BRIEF: Leave the pictures out. Return all other data exactly.

DATA:
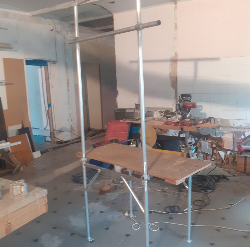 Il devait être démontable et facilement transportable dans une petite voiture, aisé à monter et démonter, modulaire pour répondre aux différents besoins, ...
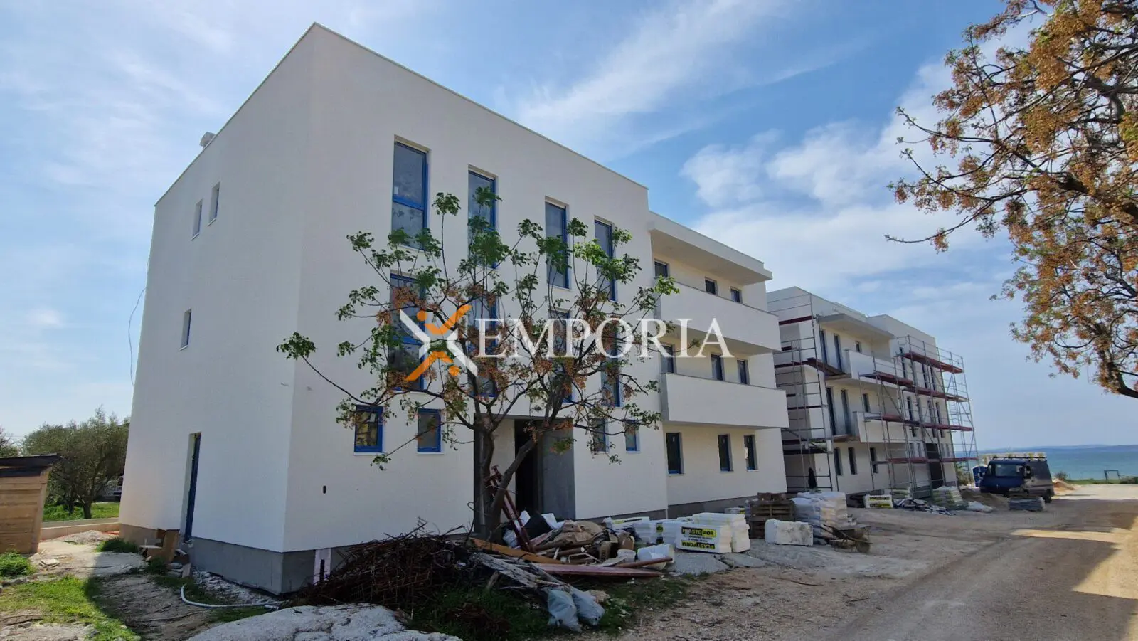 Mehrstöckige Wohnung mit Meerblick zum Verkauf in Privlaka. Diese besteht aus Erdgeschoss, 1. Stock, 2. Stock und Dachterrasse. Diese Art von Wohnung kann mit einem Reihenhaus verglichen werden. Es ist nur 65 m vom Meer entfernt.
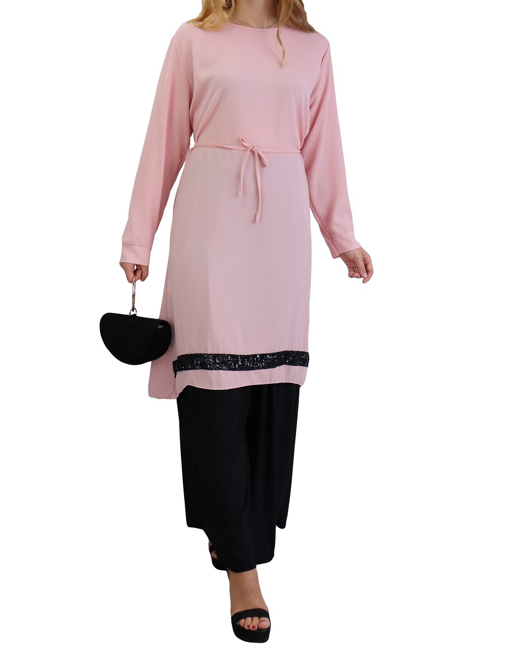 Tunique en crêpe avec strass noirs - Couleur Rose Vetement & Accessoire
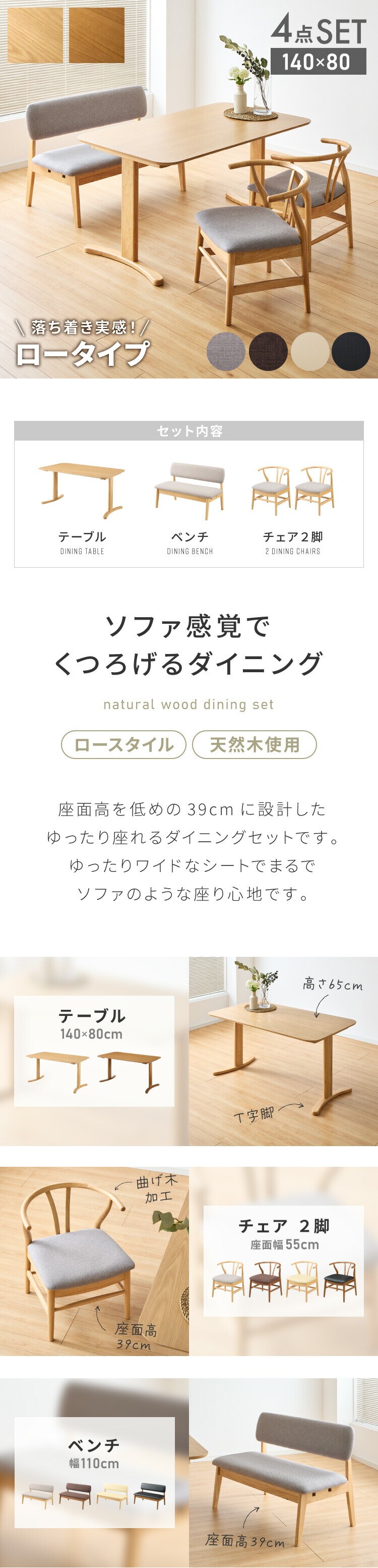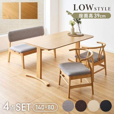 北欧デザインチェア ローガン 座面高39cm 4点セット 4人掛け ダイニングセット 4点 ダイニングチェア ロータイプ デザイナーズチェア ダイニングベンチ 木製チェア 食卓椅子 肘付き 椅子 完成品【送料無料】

RESPONSE FOR THIS EXERCISE:
 Il devait être démontable et facilement transportable dans une petite voiture, aisé à monter et démonter, modulaire pour répondre aux différents besoins, ...
 Mehrstöckige Wohnung mit Meerblick zum Verkauf in Privlaka. Diese besteht aus Erdgeschoss, 1. Stock, 2. Stock und Dachterrasse. Diese Art von Wohnung kann mit einem Reihenhaus verglichen werden. Es ist nur 65 m vom Meer entfernt.
 Tunique en crêpe avec strass noirs - Couleur Rose Vetement & Accessoire
 北欧デザインチェア ローガン 座面高39cm 4点セット 4人掛け ダイニングセット 4点 ダイニングチェア ロータイプ デザイナーズチェア ダイニングベンチ 木製チェア 食卓椅子 肘付き 椅子 完成品【送料無料】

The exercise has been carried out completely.